The author's warnings about a predisposition to rely solely on "miracle meds" to the exclusion of in-depth assessment and treatment of underlying causes probably needs to be repeated, particularly in these times of "evidence-based outcomes assessments" that may soon dictate all third-party reimbursements.
Several of the book's essays -- for that is what each chapter offers -- plunged me into a reassessment and a soul searching of my own practice. Am I creating and fostering a "healing presence" with each client? Am I respectful and sensitive to my own vulnerabilities so that I can sense and respect the vulnerabilities of my clients? Do I falsely allow my clients to think that I am adequate to every challenge I face and thus disempower them to become more adequate when facing their own challenges? Do I really understand the sine qua non of empathy? And, yes, am I too quick to discuss and recommend pharmacotherapy and leave it at that? Twenty-five years as a practitioner enhances rather than diminishes the need for periodic self-evaluation. The essays in this book are fine catalyst for doing so.

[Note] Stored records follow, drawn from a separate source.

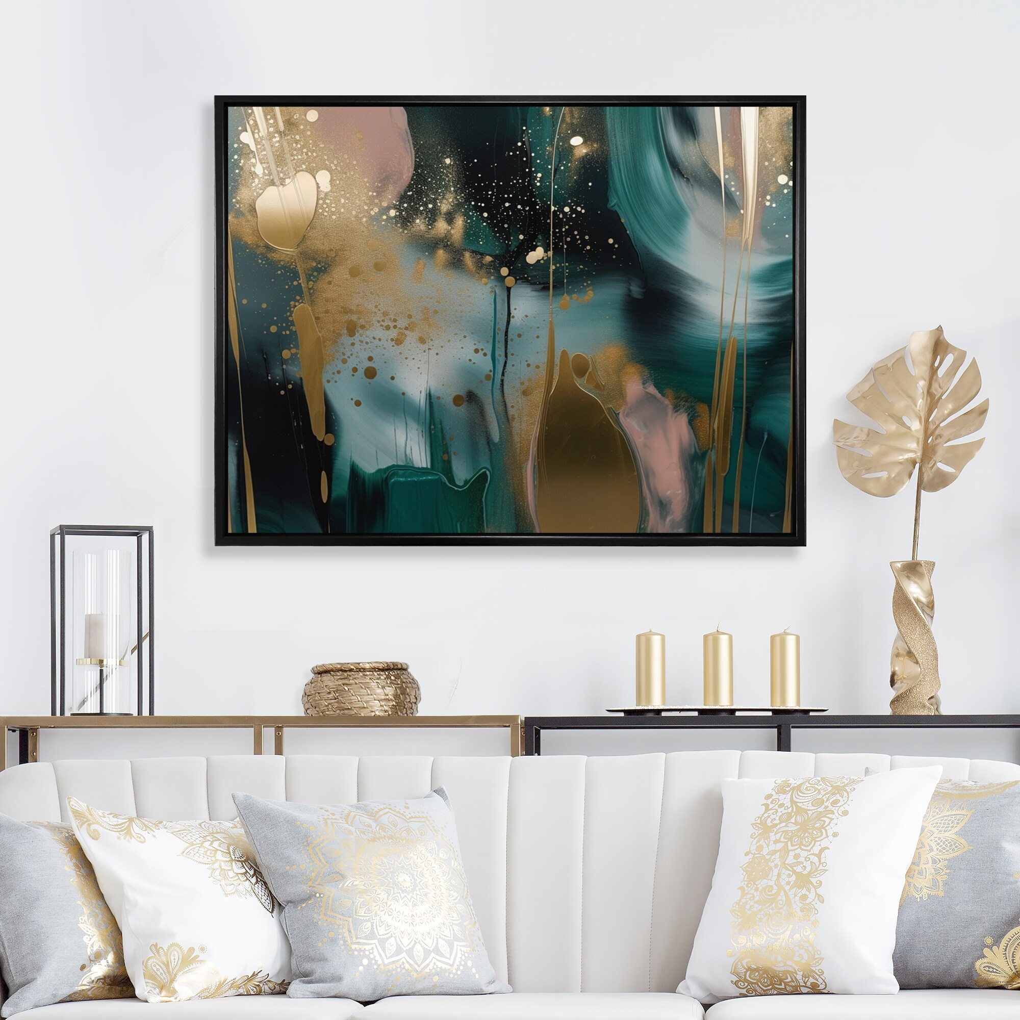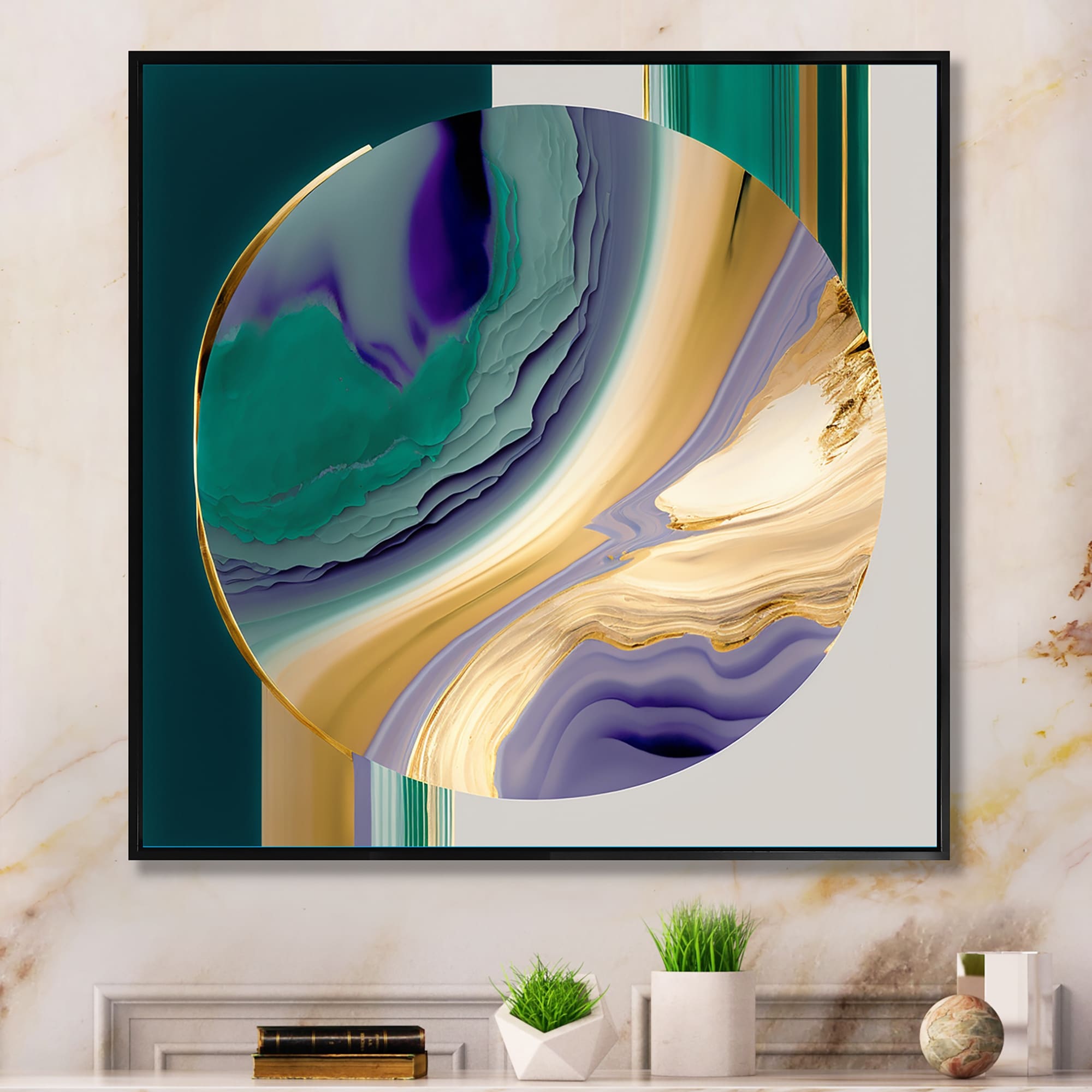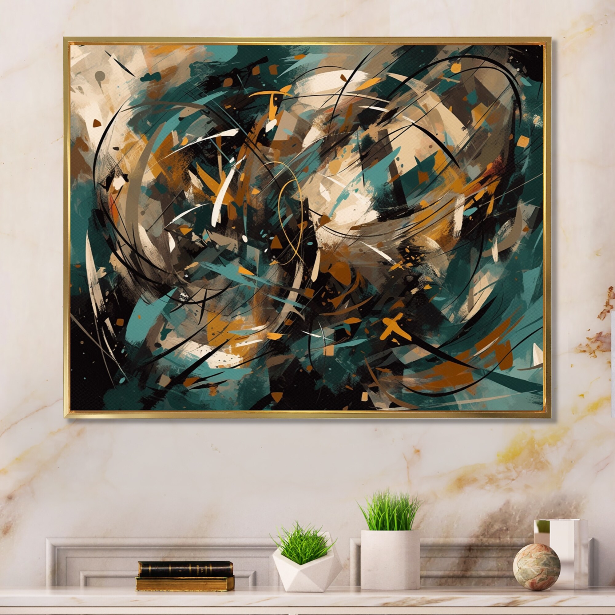 Designart "Gold And Green Marble Expression" Abstract Marble Framed Wall Art Prints
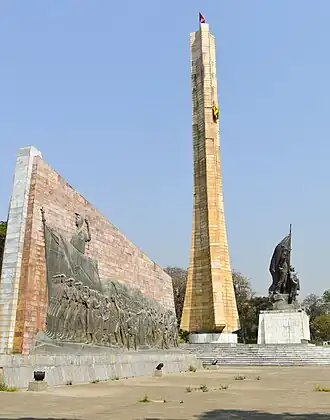 The Tiglachin Monument (Amharic: ትግላችን ሐውልት, lit. 'Our Struggle Monument'), also known as the Derg Monument (Amharic: ደርግ ሐውልት), is a memorial to Ethiopian and Cuban soldiers involved in the Ogaden War. It was built during the rule of Mengistu Haile Mariam and on Churchill Avenue in Addis Ababa, Ethiopia. The monument has a central statue, a 50 metre tall pillar, two wall reliefs on the sides and two squares where the portraits of Cuban soldiers are visible.[1] Some sculptures at the monument was given by the North Korean government in 1984, and was one of the project’s first monuments to be donated to Africa.[2]
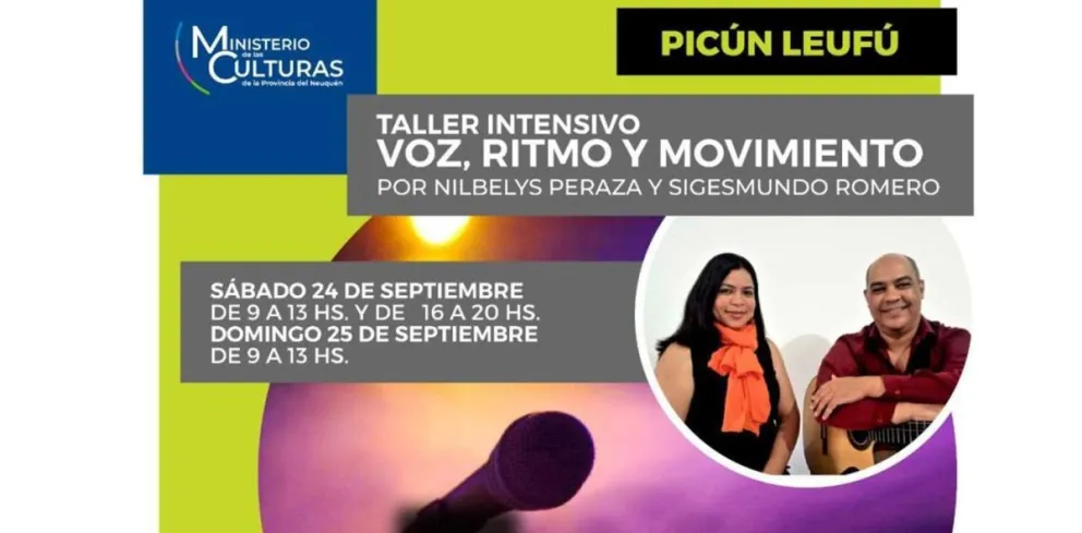 El Ministerio de las Culturas invita a la comunidad de Picún Leufú al taller intensivo “Voz, Ritmo y Movimiento”, que se realizará los días sábado 24 de septiembre de 9 a 13 y de 16 a 20 y domingo 25 de septiembre de 9 a 13 horas.
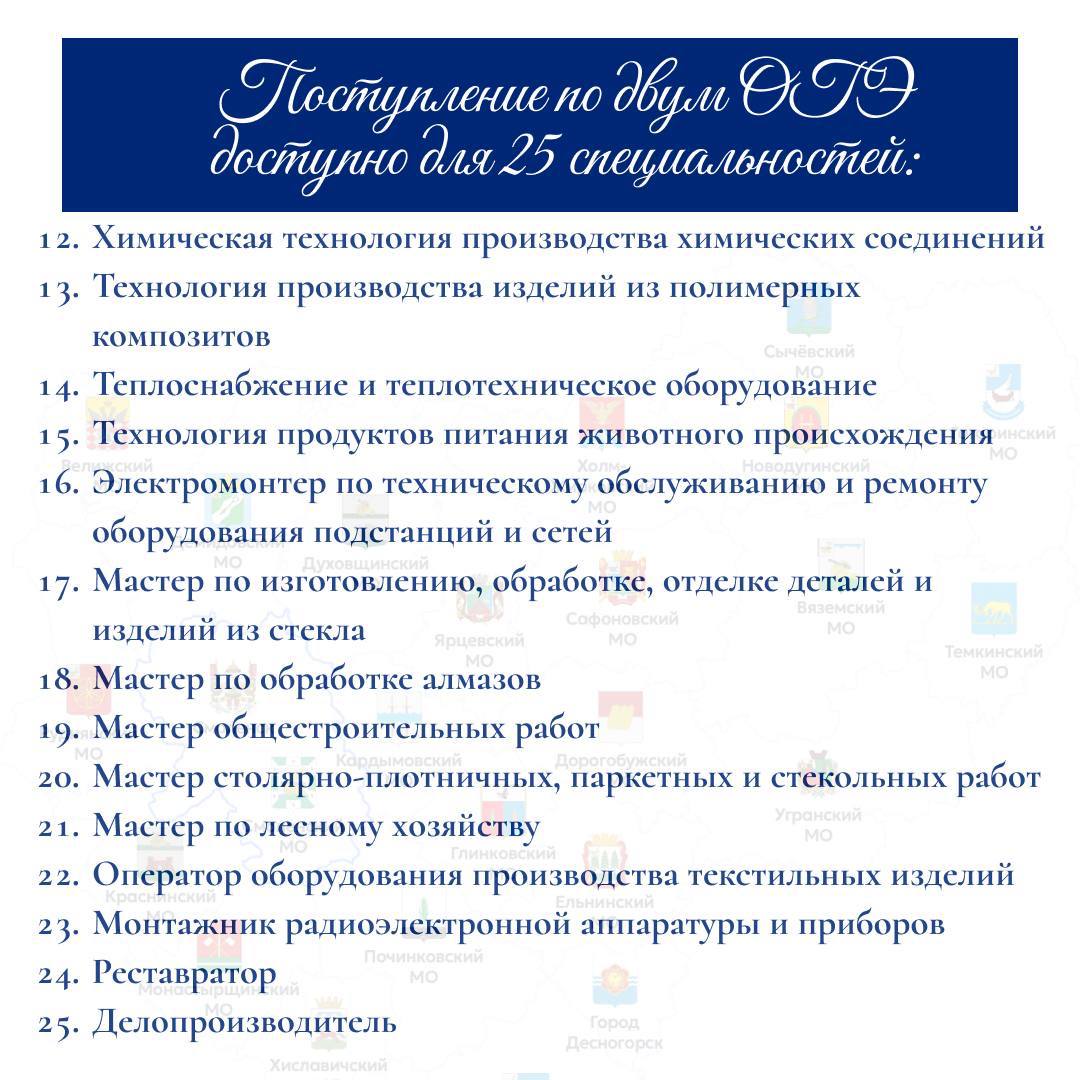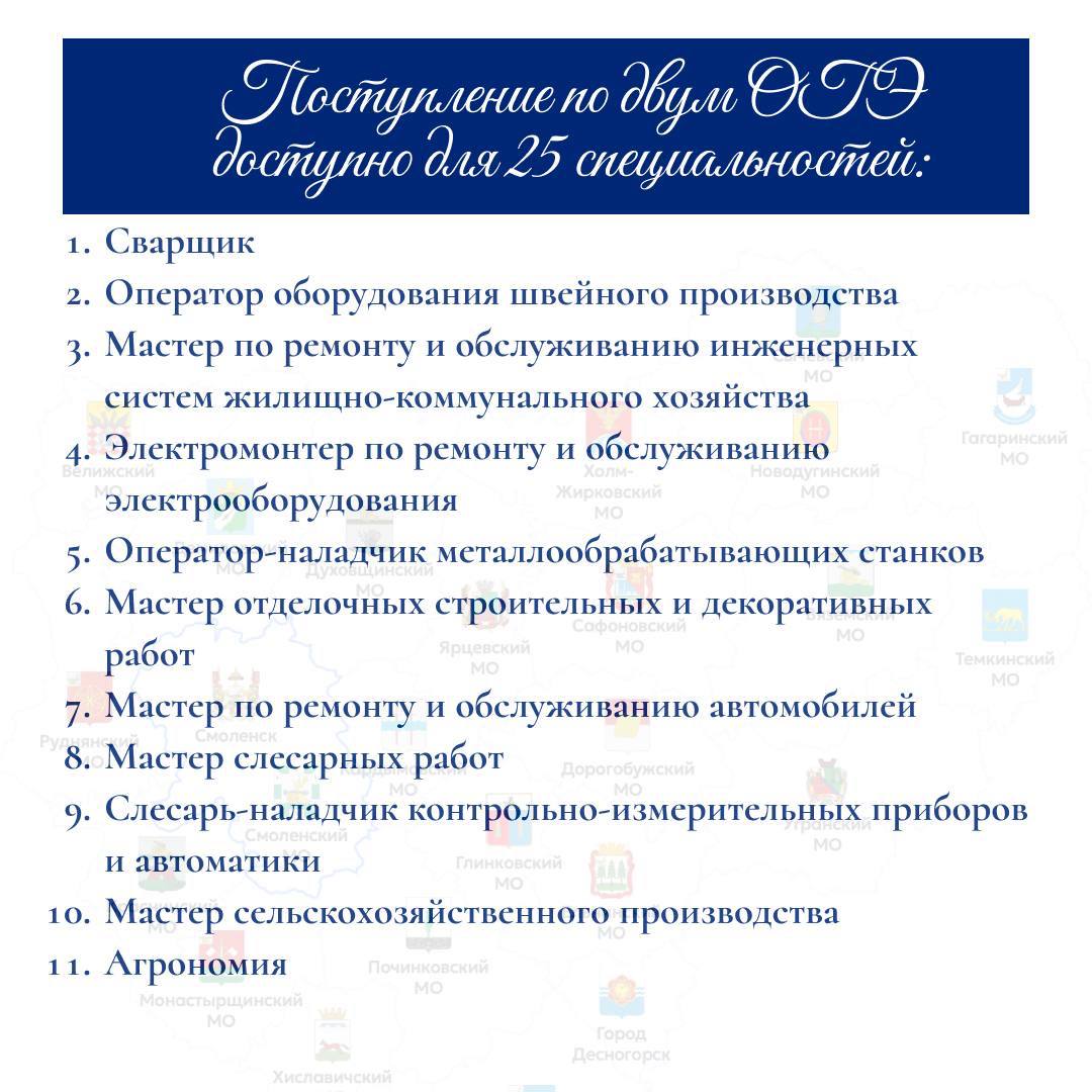 Эксперимент стартовал в прошлом году в трех субъектах – в Москве, Санкт-Петербурге и Липецкой области – и был признан эффективным. С этого года эта практика будет применяться еще в 9 регионах, в числе которых и Смоленская область. Для поступления в колледжи и техникумы выпускникам 9 классов будет достаточно сдать только два обязательных экзамена – русский язык и математику. После этого школьник гарантированно зачисляется на бюджетное место по 25 профессиям и специальностям из регионального перечня. Полный список смотрите в карточках.
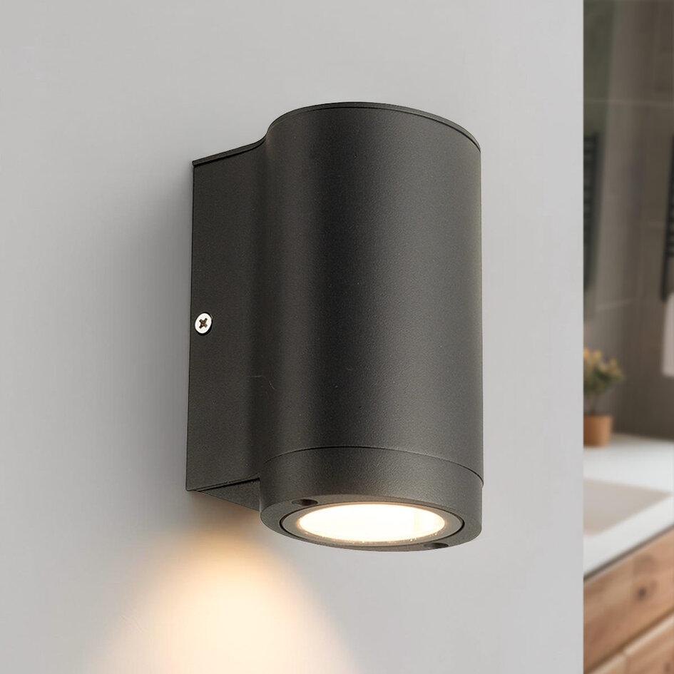 Denne moderne væglampe med et robust, cylindrisk hus er velegnet til både funktionel og stemningsfuld belysning i badeværelset. Det fokuserede lys skinner nedad og giver en klar belysning, for eksempel ved siden af spejlet eller ved håndvasken. Det sorte aluminium design giver lampen et robust, minimalistisk udseende. Takket være IP44-beskyttelsesgraden er denne væglampe ideel til fugtige rum.
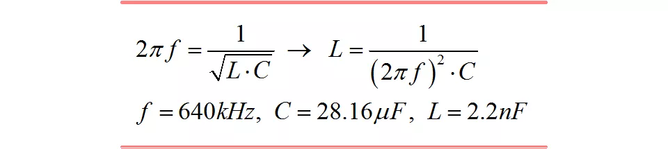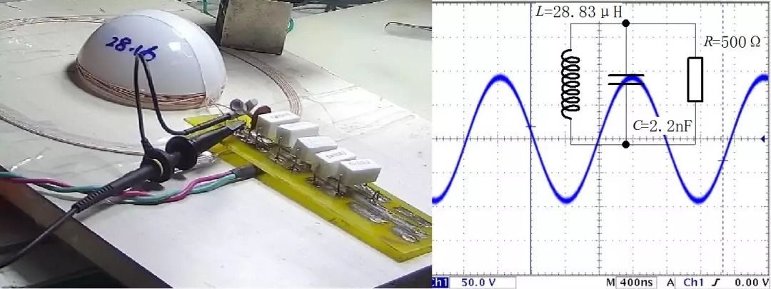 通过手持的LCR表测量,这两个接收线圈的电感与计算值基本接近。通过LC谐振公式可以计算出对应的串联谐振电容值:
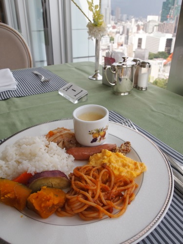 朝食は和洋2種のレストランで食べられるのだが、どちらも3000円と高い! が、軽く食べに行く場所が近所にないため、東京タワーを眺めるのを口実に、初日は最上階の展望レストランへ。
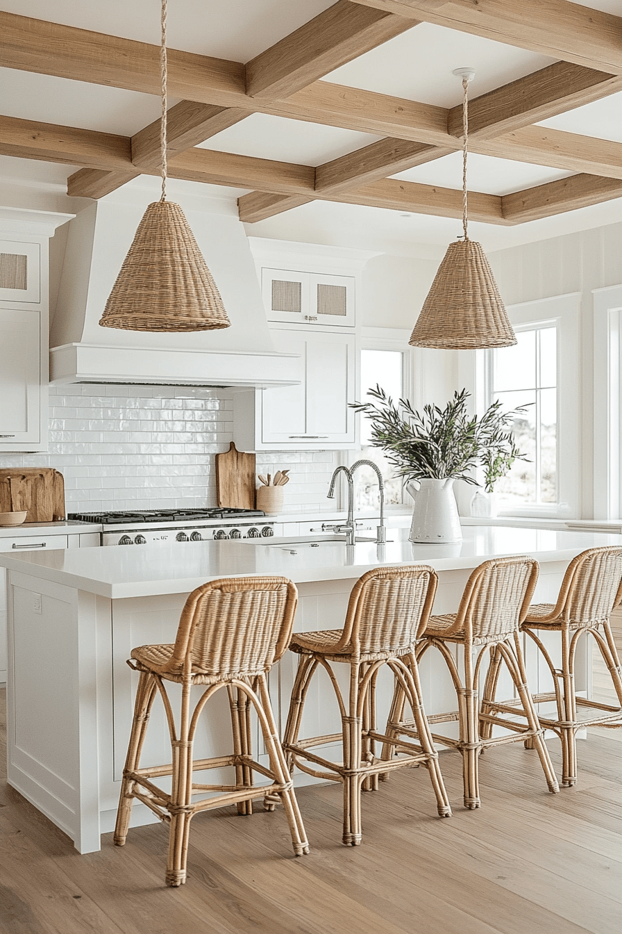 Crisp white cabinetry paired with rattan accents creates inviting warmth in a timeless beach house kitchen. The woven details add dimension and softness. Light surfaces maintain openness and brightness. The overall look feels clean yet cozy. It’s a classic coastal pairing that never fails. Tap to refresh your space with this airy blend.
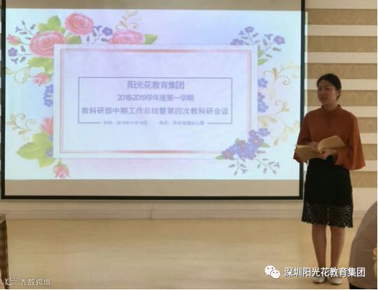 2018年11月14日,深圳阳光花教育集团教科研部叶华总监、王赟部长、李建惠园长、鞠艳园长和深圳总部30余位教学园长、主任在华业玫瑰幼儿园汇聚一堂,开展了阳光花教育集团2018-2019学年度第一学期第四次教科研会议。本次会议由集团教研部李建惠园长主持,会议分为以下五项:
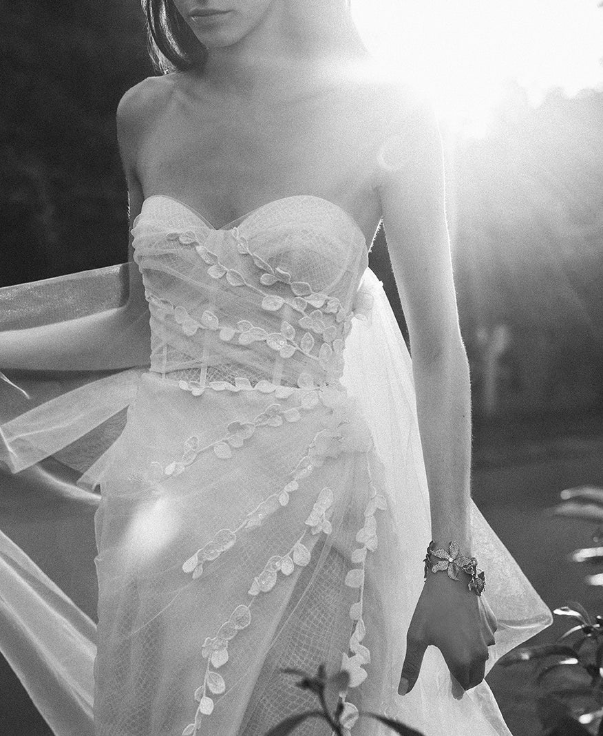A tulle gown with a strapless corseted bustier and enveloping skirt, both adorned with floral embroidery and 3D organza flowers.
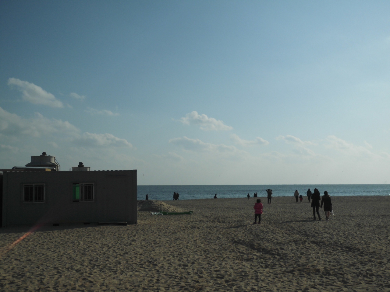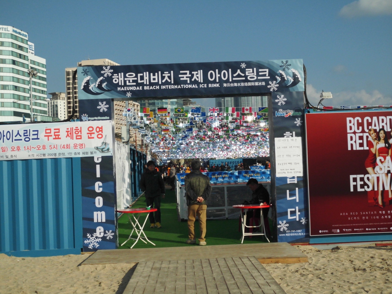 ビーチにアイススケートリンクが作られており、シーズンオフでも楽しめるようになっています。訪ねた12月は真冬の割にポカポカ陽気でリンクの氷が溶け出して水たまりを作っていました。ショップの立ち並ぶ通り沿いからビーチまでは徒歩数分の距離です。

I see two audiences benefiting from this brief but meaty book. One is salty, chronologically gifted practitioners like myself, with many years and clients behind us and hopefully many more ahead, who can profit from the periodic review of the basics and the frequent self-evaluation we were trained to conduct. The essays in this book facilitate that. The second audience is therapists-in-training, those who may not have read On Becoming a Person (Rogers, 1961). For that reason, I've ordered a copy of this book and sent it to my daughter, a graduate student in clinical community counseling at Johns Hopkins, where Breggin once taught.
*This is a condensed version of my review of the book in PsycCRITIQUES--Contemporary Psychology: APA Review of Books, 51 (47), 2006.